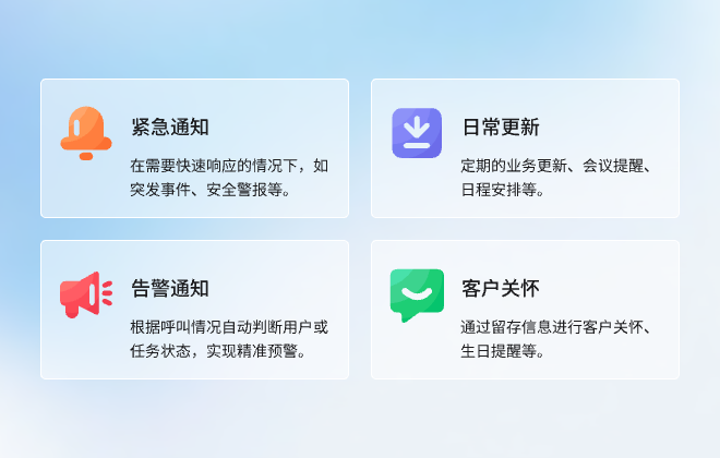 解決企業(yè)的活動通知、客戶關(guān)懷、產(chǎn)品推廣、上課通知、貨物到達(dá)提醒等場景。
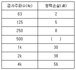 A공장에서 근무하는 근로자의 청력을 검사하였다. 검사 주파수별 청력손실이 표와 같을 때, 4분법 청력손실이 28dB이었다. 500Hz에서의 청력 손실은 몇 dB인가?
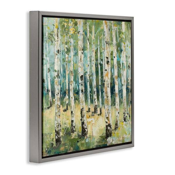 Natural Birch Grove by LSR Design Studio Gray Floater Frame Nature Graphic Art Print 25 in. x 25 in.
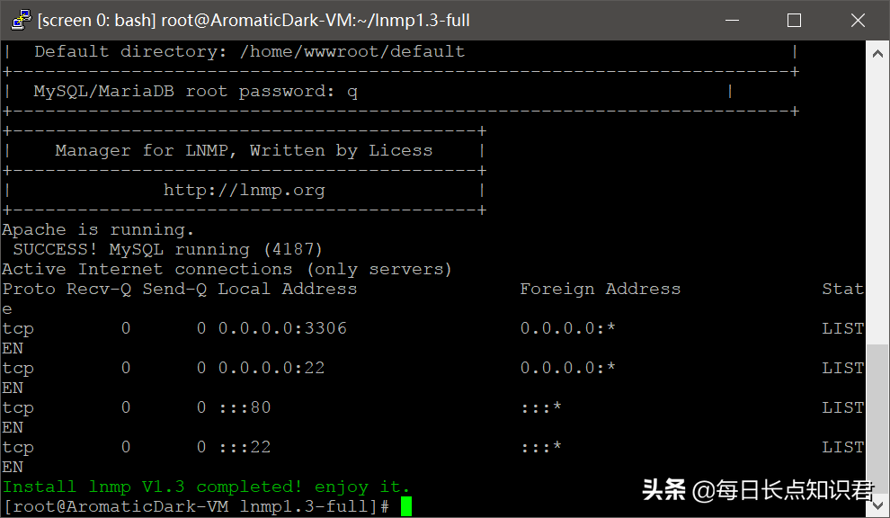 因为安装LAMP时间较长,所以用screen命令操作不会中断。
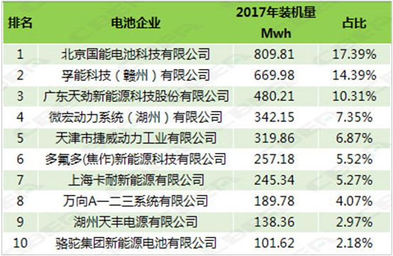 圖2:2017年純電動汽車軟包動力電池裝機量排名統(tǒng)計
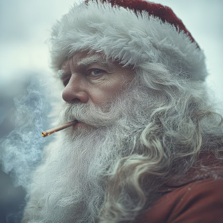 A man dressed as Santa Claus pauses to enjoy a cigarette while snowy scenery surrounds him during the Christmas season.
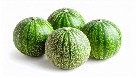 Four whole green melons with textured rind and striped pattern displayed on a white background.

------------

▸ Task:
Print the listing verbatim, images excluded.

▸ Task response:
 解決企業(yè)的活動通知、客戶關(guān)懷、產(chǎn)品推廣、上課通知、貨物到達(dá)提醒等場景。
 A공장에서 근무하는 근로자의 청력을 검사하였다. 검사 주파수별 청력손실이 표와 같을 때, 4분법 청력손실이 28dB이었다. 500Hz에서의 청력 손실은 몇 dB인가?
 Natural Birch Grove by LSR Design Studio Gray Floater Frame Nature Graphic Art Print 25 in. x 25 in.
 因为安装LAMP时间较长,所以用screen命令操作不会中断。
 圖2:2017年純電動汽車軟包動力電池裝機量排名統(tǒng)計
 A man dressed as Santa Claus pauses to enjoy a cigarette while snowy scenery surrounds him during the Christmas season.
 Four whole green melons with textured rind and striped pattern displayed on a white background.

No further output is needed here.